With the rapid development of electric vehicles, energy storage systems and other fields, the requirements for the safety and reliability of large-capacity lithium battery modules are getting higher and higher. Among them, phosphorus acid lithium-ion battery module due to its high safety performance and cycle life, it has become a technology that has attracted much attention. However, the lithium iron phosphate battery module may lose control of heat under extreme conditions, posing a potential threat to the safety of equipment and personnel. Therefore, studying the thermal runaway phenomenon and its mechanism of large capacity lithium iron phosphate battery module has become an important topic at present.

1. Thermal runaway phenomenon and mechanism

thermal runaway refers to the violent exothermic reaction generated by the battery module under abnormal conditions, such as overcharging, overdischarging, external damage, etc., resulting in rapid temperature rise, eventually triggering combustion, disastrous consequences such as explosion. The thermal runaway mechanism of large capacity lithium iron phosphate battery module mainly includes the following points:

1.1 internal short circuit

metal particles or electrolyte pollutants inside the battery may cause internal short circuit, causing concentrated release of overcurrent and heat, thus leading to the occurrence of thermal runaway.

1.2 overcharge and overdischarge

1.3 External damage

the battery module may cause external damage such as collision and puncture, resulting in short circuit of the positive and negative poles inside the battery, thus causing thermal runaway.

2. Research methods of thermal runaway

in order to study the thermal runaway behavior of large capacity lithium iron phosphate battery module, scientists and engineers have carried out a series of research work.
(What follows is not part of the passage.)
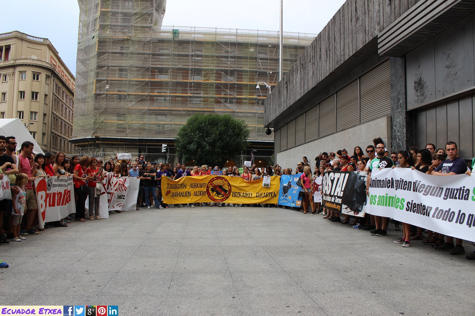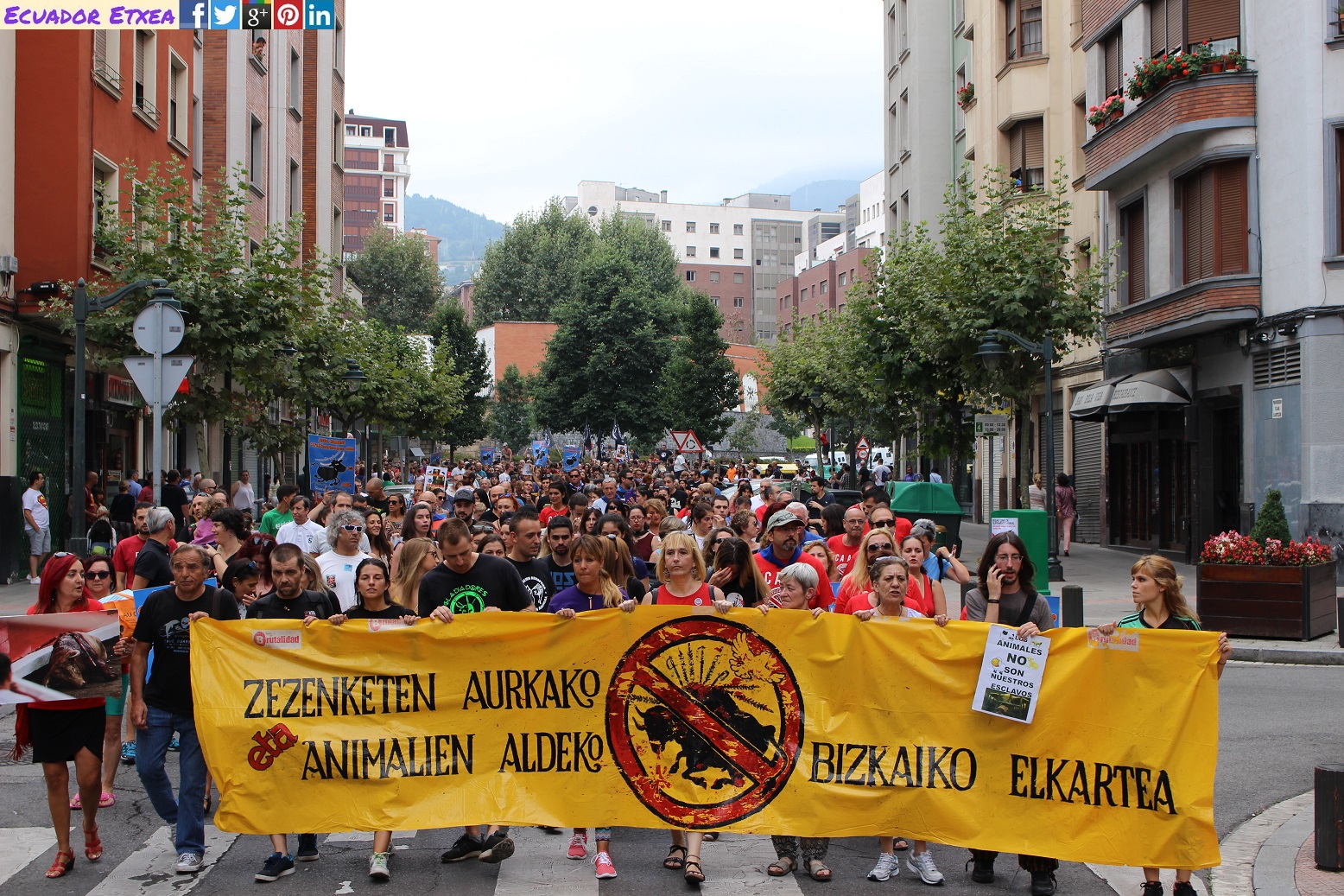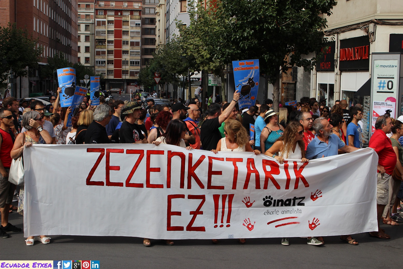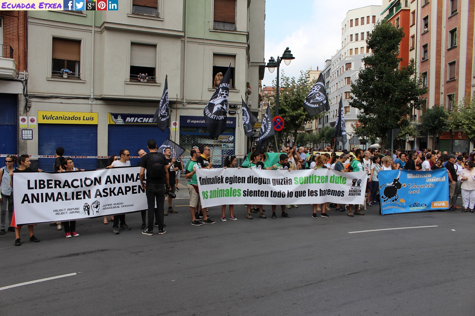 La concentración y posterior manifestación se realizó a las 17,00h. en la plaza del Arbol (plaza de Ametzola) frente a la puerta principal de la plaza de torturas y recorreremos las principales calles de la ciudad unidos frente al maltrato animal.

The following are some commonly used research methods:

2.1 Thermal runaway experiment

through designing and conducting thermal runaway experiments, the thermal runaway process of the battery module under abnormal conditions is simulated. Through experiments, key parameters such as temperature, time and heat release rate of thermal runaway can be obtained, providing data support for subsequent simulation and analysis.

2.2 Numerical Simulation

using numerical simulation method, establish the thermal runaway model of the battery module, and simulate and analyze the thermal runaway process. Through numerical simulation, the occurrence time, temperature distribution, heat release rate and other information of thermal runaway can be predicted, which provides basis for the design and safety evaluation of battery modules.